[Histochemical and biochemical investigation of alpha-glucosidases by means of 2-naphthyl-alpha-D-glucoside (author's transl)].

Histochemical and biochemical studies yield the following method of choice for the in situ detection of neutral (microvillous) and acid (lysosomal) alpha-glucosidases: 12 mg 2-naphthyl-alpha-D-glucoside (dissolved in 0.5 ml N,N-dimethylformamide) and 0.6--0.8 ml hexazonium-p-rosaniline in 10 ml 0.1 M citric acid phosphate buffer for aqueous or 5 ml buffer mixed with equal parts of 2% agar for incubation with semipermeable membranes, pH 5 or 6.5. With this method neutral alpha-glucosidases can be exactly demonstrated in the brush border of the small intestine (glycoamylase, sucrase-isomaltase) and kidney of mammals, birds,fishes, amphibia and reptiles; localization of acid alpha-glucosidases is achieved at the cellular level in many organs and tissues. Fluorometric and photometric measurements prove that 2-naphthyl-alpha-D-glucoside is superior to 6-brom-2-naphthyl-alpha-D-glucoside for the demonstration of alpha-glucosidases in situ due to the lower Michaelis constant and higher maximal reaction velocity of the naphthol derivative.--Among the coupling reagents tested neutral alpha-glucosidases can be localized correctly with hexazotized p-rosaniline (with and without semipermeable membranes) for simultaneous coupling. Fast Blue B delivers false positive results in the suczedaneous and simultaneous coupling procedure using aqueous incubation media; in combination with the membrane technique azo dye can not be observed in the sections.
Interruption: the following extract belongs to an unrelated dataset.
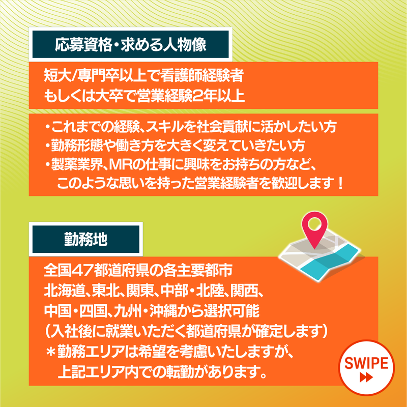 仕事内容 救急救命士として活躍する20代・30代の "未経験を対象とした、 未経験MRの募集です。 「学習への不安」や「業界ルールへの懸念」 を払拭する万全のサポート体制で、 あなたをプロフェッショナルへと育成します。 【この求人の特徴】 ★グローバル展開国数: 世界【約110】カ国、圧倒的な事業基盤 ★「勉強についていけるか不安」を 解消する、期間中の給与全額保証 ★業界特有の「公正競争規約」により、 接待・過度な付き合いは一切なし ★年間休日122日以上、 残業月平均【20】時間未満 ★新薬立ち上げ(ローンチ)に 関わるチャンスが【非常に多い】 ★入社3年目で年収600万円以上も可能 (年収UPを実現) ★充実の研修(約2ヶ月・320時間) ✅《具体的な業務内容》 製薬企業のパートナーとして、 担当する医薬品や医療機器の 適正使用情報を医療機関 (病院、クリニック)へ提供し、 普及させる活動を行います。 <担当領域(例)> 配属は適性や希望を考慮します。 ・オンコロジー(がん) ・糖尿病、循環器 ・呼吸器、自己免疫疾患 ・バイオ医薬品 ・医療機器(SR) など <主な訪問先> ・大学病院、基幹病院、クリニックの医師 ・薬剤師、看護師、医薬品卸など <1日の業務内訳(目安)> ・医療機関への訪問・情報提供:約60% ・訪問準備、学習(製品知識、論文読解): 約30% ・日報作成、社内ミーティング、事務作業: 約10% ※原則、直行直帰の営業スタイルです。 (配属先企業による) ※社用車(AT)を貸与します。 【アピールポイント】 ✅【膨大な知識学習への不安】▶ 「業務」として学びます 「ゼロから医学なんて無理…」 と思っていませんか? 入社後の導入研修(約【2】ヶ月)は、 仕事=学習です。 独学ではなく、プロの講師が カリキュラムに沿って教えます。 もちろん、この期間も給与は全額支給。 生活の心配なく、学ぶことだけに 集中できる環境を用意しています。 ✅【MR認定試験のプレッシャー】▶ 「合格させる」ノウハウがあります 私たちは「未経験者を合格させるプロ」 でもあります。 文系出身者も多数合格しており、 模擬試験や徹底した対策講座で、 あなたを合格ラインまで引き上げます。 ✅《転勤・勤務地に関する不安について》 現在の居住地+住んでみたい・働いてみたい 5都道府県を共有いただきます。 私たちは個人の事情を 最大限尊重することを約束します。 その後の異動についても、 年1回のキャリア面談などを通じて 本人の意向やライフイベント (結婚、出産、介護など)を 十分にヒアリングした上で決定します。 不安な点は、面接の場で 遠慮なくご相談ください。 ✅《万全の研修体制》→MRのお作法 入社後は約2ヶ月(320時間)の 手厚い導入研修をご用意。 膨大な医薬品知識や医療制度はもちろん、 PCスキル(Excel, PowerPoint)や、 MRのお作法・業界知識・常識部分を 専任講師がゼロから丁寧に指導します。 配属後も、上長との週1回の面談や、 OJT同行(配属後1ヶ月は週2回程度)など、 チーム全体であなたをサポートします。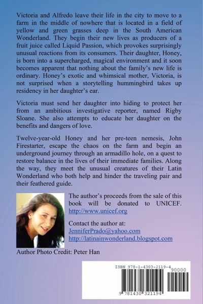 Author's Proceeds Donated to UNICEF. Victoria and Alfredo move from the city to a Latin version of Wonderland and produce a juice called Liquid Passion that provokes unusual reactions in its consumers. Their twelve-year-old daughter, Honey, has a hummingbird living in her ear and possesses magical powers. Hungry for a story, an investigative reporter named Rigby Sloane, shows up and launches an international media frenzy. Honey and her pre-teen nemesis, John Firestarter, escape the chaos on her parents' farm and begin an underground journey; through an armadillo hole, on a quest to restore balance in the lives of their immediate families.

Hexazonium-p-rosaniline inhibits neutral and acid alpha-glucosidases to nearly the same extent as Fast Blue B. Fixation of blocks of tissue in formaldehyde and glutaraldehyde suppresses alpha-glucosidases in the intestine and epididymis. The inhibition rates amount to 50 and 70% respectively. Washing in sugar solution rises enzyme activity to 65 and 50%. Species and organ dependent activity differences of neutral and acid alpha-glucosidases and changes of enzyme activity in the intestine and kidney after castration as well as in the course of pregnancy can be detected by means of biochemistry but not with the histochemical assay including minimal incubation. In comparison with p-nitrophenyl-alpha-D-glucoside the 2-naphthyl derivative is also the substrate of choice for the biochemical determination of alpha-glucosidases.--Agar gel electrophoresis reveals one band in the neutral and acid pH range.